Who Was Griffith John
Fifty six years of strenuous missionary work in China (1855-1911) – was the record of the Rev. Griffith John who was the first Missionary from Wales to set foot in China. Born in Swansea on December 14th 1831 his childhood was very closely associated with Ebenezer Chapel where he worshipped regularly and he was received into membership when only eight years of age. He preached his first sermon in Onllwyn in the Dulais Valley, where he worked as a youth, and he soon won fame as the “boy preacher of Wales”. He trained for the ministry at Brecon Memorial College. He was intent on Missionary work as he felt a call in this direction after hearing David Thomas of Madagascar speak to College students. He offered his services to the London Missionary Society and when accepted undertook further training at their College in Bedford where he was persuaded to make China his sphere of labour. He was ordained for the ministry at Ebenezer Chapel Swansea on 5th April 1855 and married Margaret, the daughter of David Thomas on the 13th of the same month leaving for China three weeks later.

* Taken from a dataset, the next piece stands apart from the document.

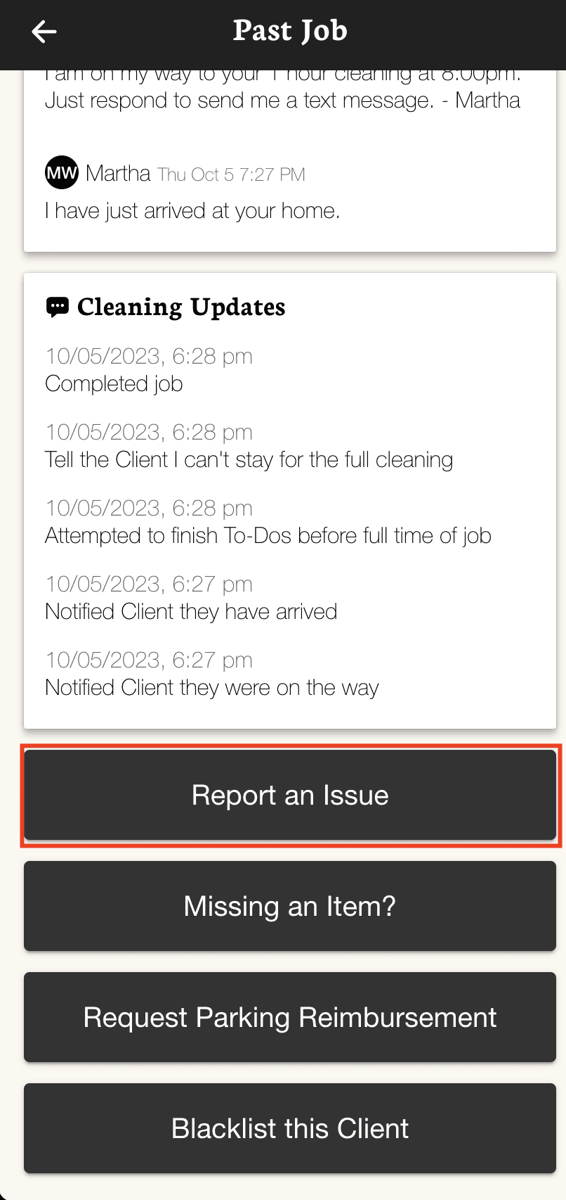 To log an issue for a TIDY Client, complete the job, then navigate to this job page, in your "Jobs" menu. You should see the "Report an Issue" button, right below the cleaning updates section.

After a few years in Shanghai, Griffith John settled at Hankow in 1861 and this became the permanent headquarters of his missionary work. From this centre he travelled widely in the area, often by foot, and established a range of mission stations. As the first Protestant Missionary in Central China, he proclaimed the gospel in regions where it had not previously been heard and his missionary work flourished particularly in Hankow and its environs. Griffith John worked with great commitment in Christian mission and with excellent linguistic skills translated the Scriptures into Chinese and wrote a large number of books in the local dialect. He was the Chairman of the Central China Tract Society and as the author, translator and publisher was a prolific propagator of the gospel through popular and influential tracts.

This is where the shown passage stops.